В молодости жизнь это сплошной сумбур, как будто в оркестре перед началом спектакля настраивают инструменты, и много разных звуков, все перемешано и невозможно вычленить какую-то связную мелодию, все путается и мешается, и такой веселый гвалт и шум, и так может быть всю жизнь, а чтобы мелодия стала связной и начала звучать осмысленно, нужно приложить много усилий, гигантские усилия, и нельзя никогда забывать о том, что ты ищешь и стараешься понять. Тебя отвлекают разные ненужные звуки, каждый день как будто начинается снова и ты забываешь, что было вчера и утрачиваешь ту нить, без которой невозможно полное осмысление.
Утром она проснулась и с первой же сознательной мыслью, с первым взглядом вокруг к ней вернулось отвращение, которое стало как бы частью ее самой, которое поселилось в ней и уже не собиралось никуда уходить. Она высунулась в открытое окно и посмотрела на улицу вниз — там на мощеном булыжником дворе стоял дворник и поливал из оранжевого резинового шланга водой этот двор и мыл чей-то гараж, она подняла глаза вверх и посмотрела на небо — оно было нежно-голубое, солнце еще не успело встать, но уже было видно, что день будет жаркий, как обычно в Париже в это время лета, она как автомат осознавала, что нужно радоваться жизни, нужно, как радуются все вокруг, но она не могла и не знала, как это изменить.
Почему-то у нее из головы не выходила строчка, вычитанная у какого-то писателя про одну проститутку, которой платили хлебом и она сжирала этот хлеб прямо «под клиентом», потому что была очень голодна. Она вовсе не была голодна, она чувствовала отвращение к еде и ела через силу, тоже как будто желая досадить самой себе. Она уже совсем потеряла способность вдыхать воздух полной грудью, она могла только коротенькими вздохами пытаться набрать его в легкие, но это даже не всегда получалось, и она с ужасом поняла, что скоро будет не в состоянии вообще дышать, тогда для жизни места не останется, и будет лишь одно огромное отвращение. Этот переход шел незаметно, и она внутри это знала, но все равно покорно ждала, потому что она ничего не могла сделать, или не хотела.
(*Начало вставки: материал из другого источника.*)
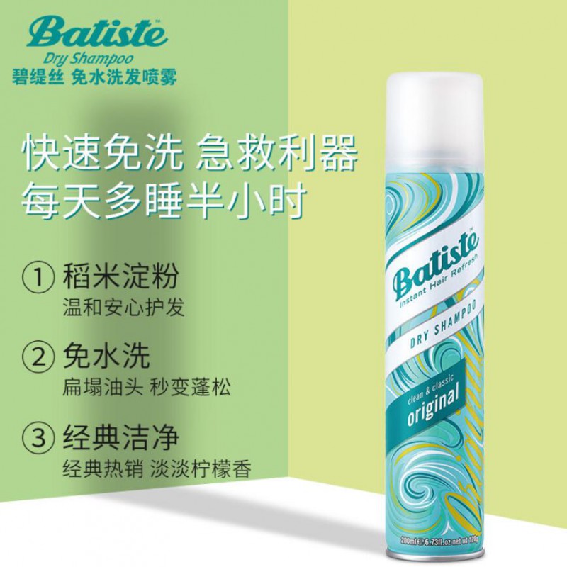 2、干洗喷雾:干洗喷雾可以说是油头妹子的福音,头发油了就喷一喷,立马就变得清爽蓬松。遇到经期、出差、生病等不方便洗头的情况, 干洗喷雾真的很有帮助。吃完火锅有味道,也可以用来去除头发上的火锅味。干洗喷雾含有大米淀粉成分,细腻粉末,能够吸附头发多余油脂;质地柔滑,很容易涂抹开;有多重味道可以选择,去除油脂的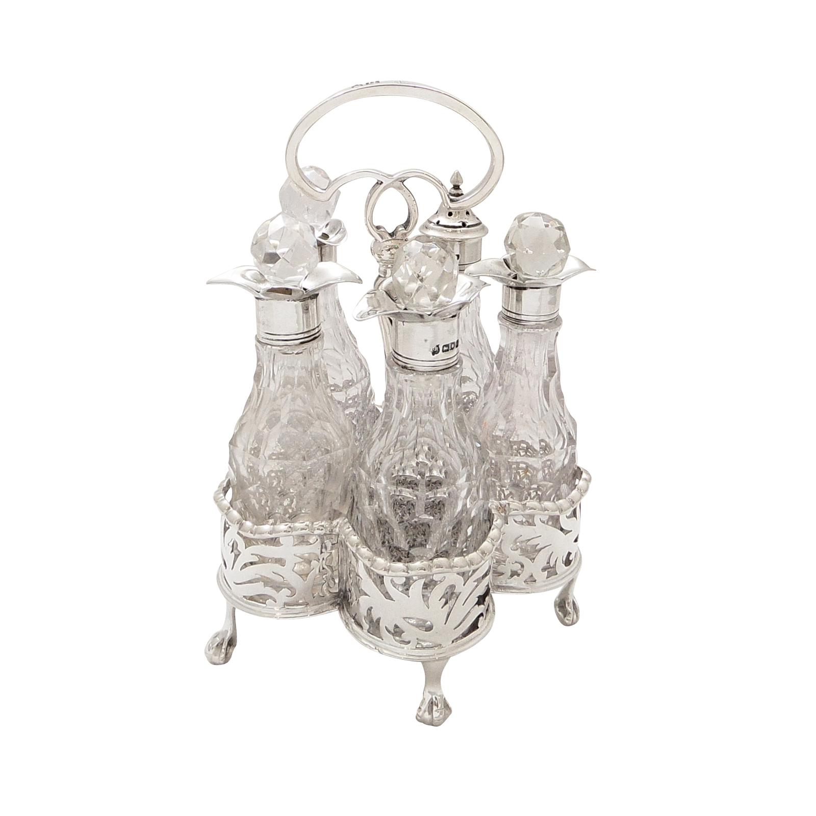 Antique Victorian Sterling Silver & Cut Glass Cruet Set 1900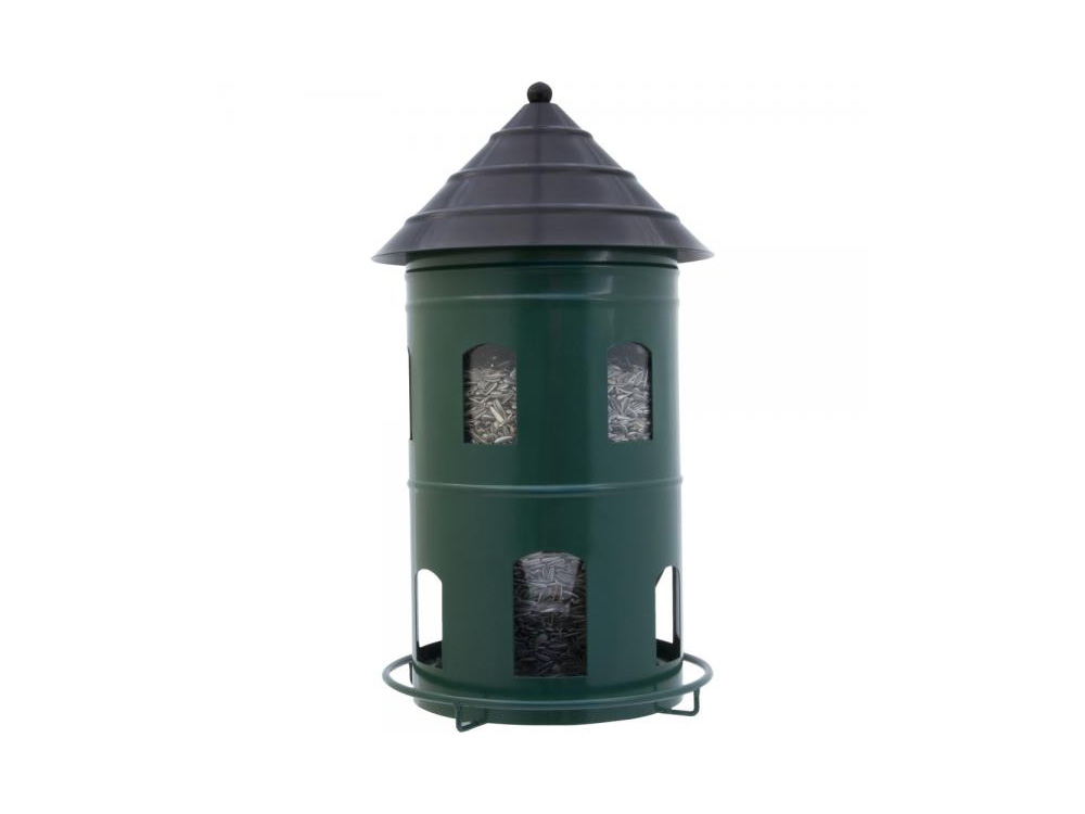 De reuze voedersilo heeft meerdere voerdispensers zodat veel vogels tegelijkertijd kunnen eten. Door de vele raampjes is het makkelijk van veraf te zien hoeveel de silo nog met voer gevuld is. De voedersilo wordt het best op een paal gemonteerd met de bijgeleverde schroef. Het voederhuis is gemaakt van waterbestendig gepoederlakt staal en de container van gerecycleerd kunststof.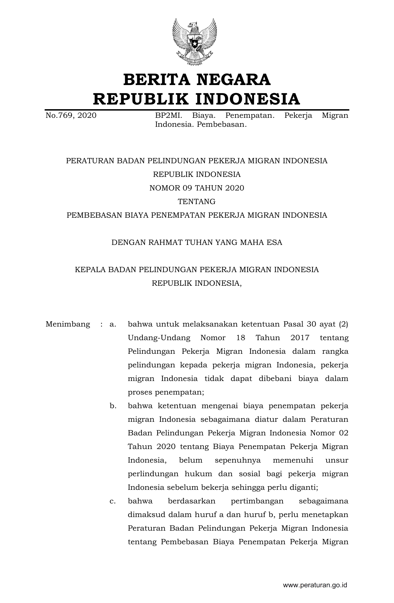 PERBAN Nomor 09 Tahun 2020 | Peraturan Badan Nomor 09 Tahun 2020 tentang PEMBEBASAN BIAYA PENEMPATAN PEKERJA MIGRAN INDONESIA

Иногда в ней просыпался панический страх, она начинала метаться, могла выскочить из вагона метро или автобуса, но из этой жизни выскочить было невозможно, а ей хотелось, но она подавляла в себе страх и старалась снова погрузиться в спячку и не замечать того, что происходит вокруг. Если же страх брал верх, то она чувствовала, как подступает безумие, черная бездна, страшное пространство без дна, куда можно падать и падать, безо всякой надежды вернуться назад, открывая по пути для себя все новые и новые извращения и получая от этого удовольствие, ибо — она теперь знала это — все сумасшедшие получают удовольствие от своего состояния, иначе они бы не оставались в нем, и поэтому их мучают лекарствами и электрошоками, чтобы выработать в них условный рефлекс отталкивания от безумия.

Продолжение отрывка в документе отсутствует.